### ACTIVITY
From the listing below, copy only the lines from the line that contains "186 cm  42 cm  46 cm" to the line that contains "healthier, safer food.", counting those two lines as part of the copy.

### DATA EXTRACT
- - -

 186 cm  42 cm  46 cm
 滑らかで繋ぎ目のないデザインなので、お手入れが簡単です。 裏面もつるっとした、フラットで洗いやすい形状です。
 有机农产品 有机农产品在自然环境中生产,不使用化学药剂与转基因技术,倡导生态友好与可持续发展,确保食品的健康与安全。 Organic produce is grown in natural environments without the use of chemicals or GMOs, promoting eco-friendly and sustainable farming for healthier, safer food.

- - -

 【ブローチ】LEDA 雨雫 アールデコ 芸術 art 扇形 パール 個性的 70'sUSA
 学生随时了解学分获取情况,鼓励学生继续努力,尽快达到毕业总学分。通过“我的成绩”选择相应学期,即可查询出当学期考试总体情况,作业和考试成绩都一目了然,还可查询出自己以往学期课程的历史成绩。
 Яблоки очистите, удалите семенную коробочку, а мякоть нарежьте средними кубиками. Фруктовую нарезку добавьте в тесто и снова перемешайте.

- - -

### SOLUTION TO THIS TASK
 186 cm  42 cm  46 cm
 滑らかで繋ぎ目のないデザインなので、お手入れが簡単です。 裏面もつるっとした、フラットで洗いやすい形状です。
 有机农产品 有机农产品在自然环境中生产,不使用化学药剂与转基因技术,倡导生态友好与可持续发展,确保食品的健康与安全。 Organic produce is grown in natural environments without the use of chemicals or GMOs, promoting eco-friendly and sustainable farming for healthier, safer food.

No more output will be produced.